[Problem description] In the material below, find the span from the line with "Georg Jensen Annual" to the line with "如果你已经有三天小长线的经验" and transcribe only those lines, exactly, ends included, without the pictures.

[Records shown]
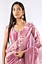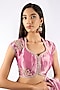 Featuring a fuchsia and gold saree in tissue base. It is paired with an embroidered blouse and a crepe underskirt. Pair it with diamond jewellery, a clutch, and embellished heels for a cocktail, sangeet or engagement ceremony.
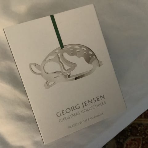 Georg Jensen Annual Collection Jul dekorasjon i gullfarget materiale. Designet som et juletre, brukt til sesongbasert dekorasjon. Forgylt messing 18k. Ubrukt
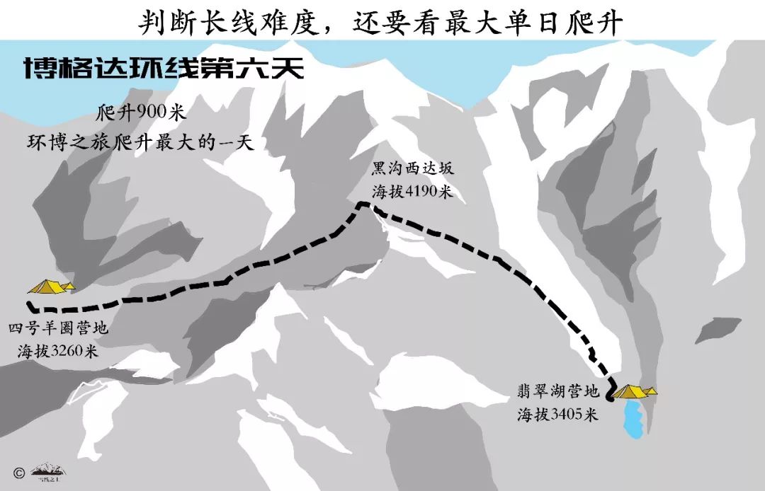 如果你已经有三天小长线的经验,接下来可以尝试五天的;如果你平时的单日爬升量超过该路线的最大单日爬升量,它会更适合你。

---

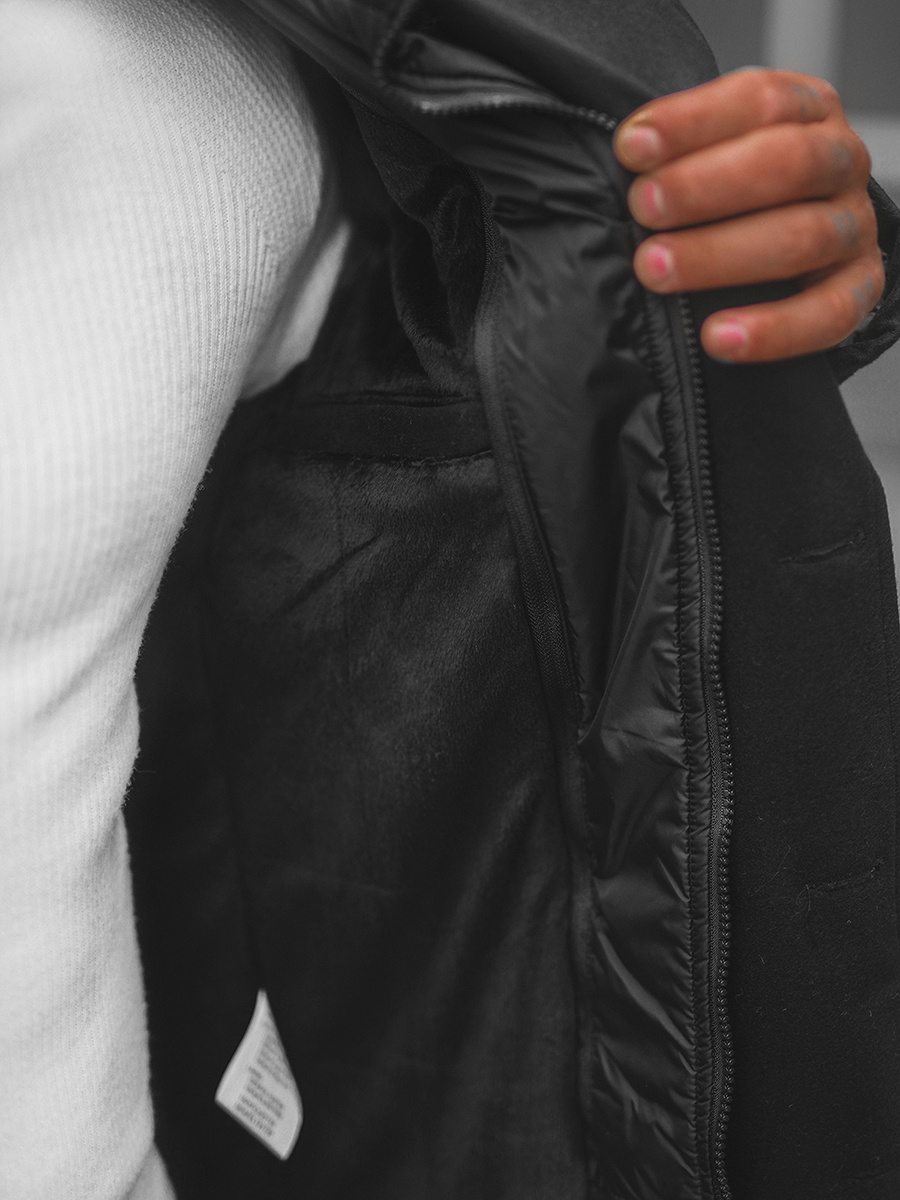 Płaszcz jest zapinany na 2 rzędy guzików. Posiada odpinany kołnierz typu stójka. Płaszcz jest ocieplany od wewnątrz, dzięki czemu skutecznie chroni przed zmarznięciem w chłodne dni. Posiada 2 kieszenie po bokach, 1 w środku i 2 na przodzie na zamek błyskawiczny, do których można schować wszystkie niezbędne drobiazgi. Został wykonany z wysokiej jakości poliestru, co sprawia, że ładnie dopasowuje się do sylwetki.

[Your solution]
 Georg Jensen Annual Collection Jul dekorasjon i gullfarget materiale. Designet som et juletre, brukt til sesongbasert dekorasjon. Forgylt messing 18k. Ubrukt
 如果你已经有三天小长线的经验,接下来可以尝试五天的;如果你平时的单日爬升量超过该路线的最大单日爬升量,它会更适合你。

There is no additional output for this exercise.